When the film premiered at the 2017 Berlinale, the director said he was “ready to be crucified.” Yet the film has actually proved less divisive than he anticipated: “Our intention to create a film that has the capacity to generate an emotional connection worked. And I think when that channel is open — the emotional channel — then all the political ideas and the social dimension of the film can travel through that channel in a more pure and probably even more effective way.”
Spaniard Antonio Méndez Esparza won the John Cassavetes Award, presented to films made for $500,000 or less, for his tale of a single, black mother afraid of losing her son, “Life and Nothing More.” His entire cast consisted of first-time actors, including Best Female Lead nominee Regina Williams.
Best First Screenplay went to spouses Kumail Nanjiani and Emily V. Gordon. They wrote “The Big Sick” based on the harrowing start of their relationship, when Pakistani-American Nanjiani met Gordon’s Southern, white family while she was in a medically-induced coma. “There is no reward for what we went through physically and emotionally,” said Nanjiani, who also starred.

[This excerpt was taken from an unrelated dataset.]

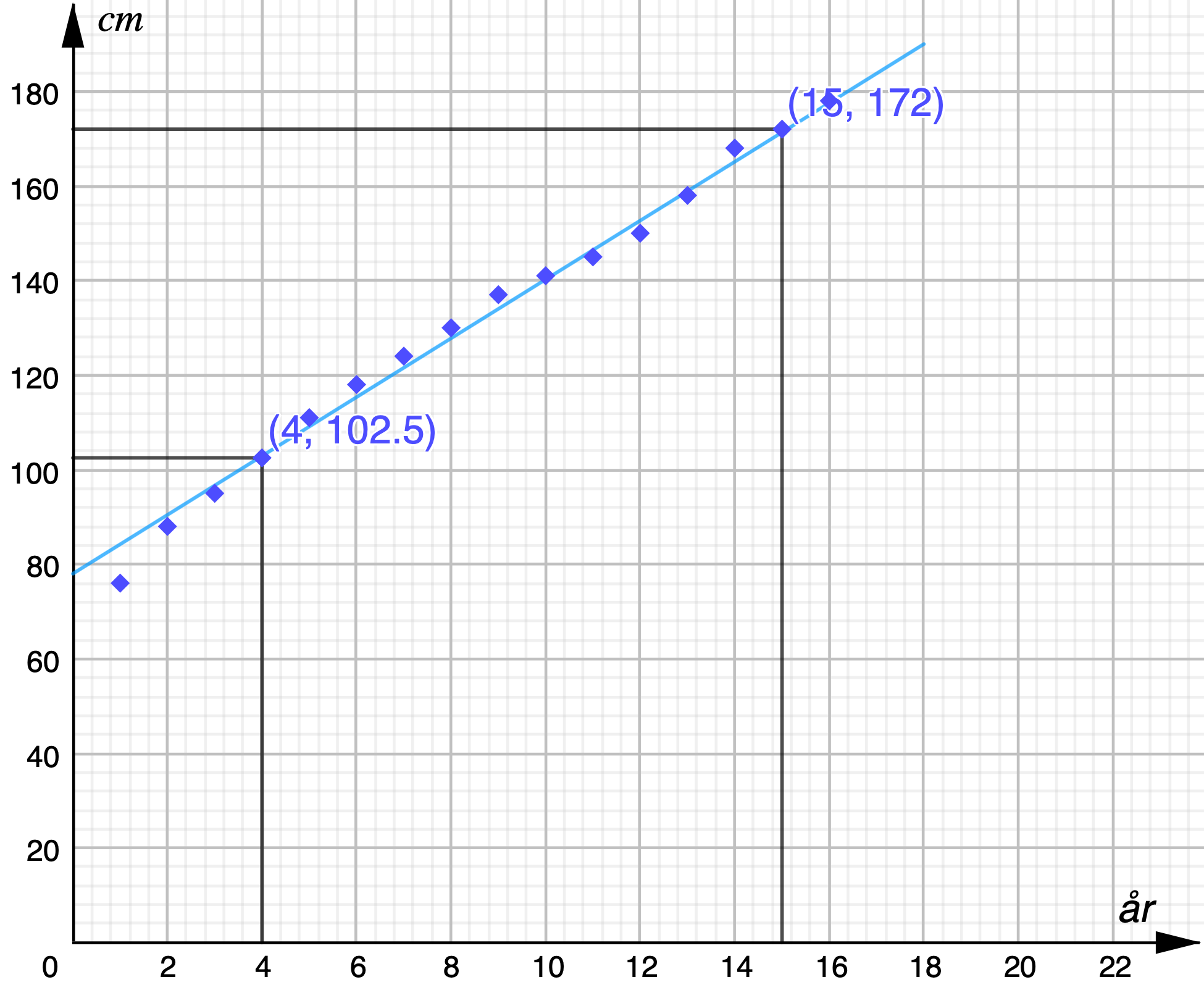 I spridningsdiagrammet ovan har vi markerat de båda punkterna (4; 102,5) och (15; 172).

At January’s Golden Globes, men were criticized for not being vocal enough allies for the Time’s Up and #MeToo movements. Yet straight, white men took multiple opportunities at the Spirits to champion industry-wide diversity. “Ready Player One” actor Ben Mendelsohn took a moment to remind the Santa Monica audience that his co-presenter, Lena Waithe, recently became the first black woman to win an Emmy for writing on a comedy series (“Master of None”). Best Male Lead Timothée Chalamet (“Call Me By Your Name”) said that he is heartened that storytellers like Rees, Greta Gerwig (“Lady Bird”), and his director, Luca Guadagnino, have been “given the keys” to shape both the industry and the nation.
The event was hosted for the second year in a row by friends and former Broadway co-stars Nick Kroll and John Mulaney. “Yes, they are straight white guys up there onstage,” admitted Film Independent President Joe Welsh. “But they’re so smart, so attuned to where we are culturally, I’m sure in their material and their monologue they’re going to be addressing where we are.”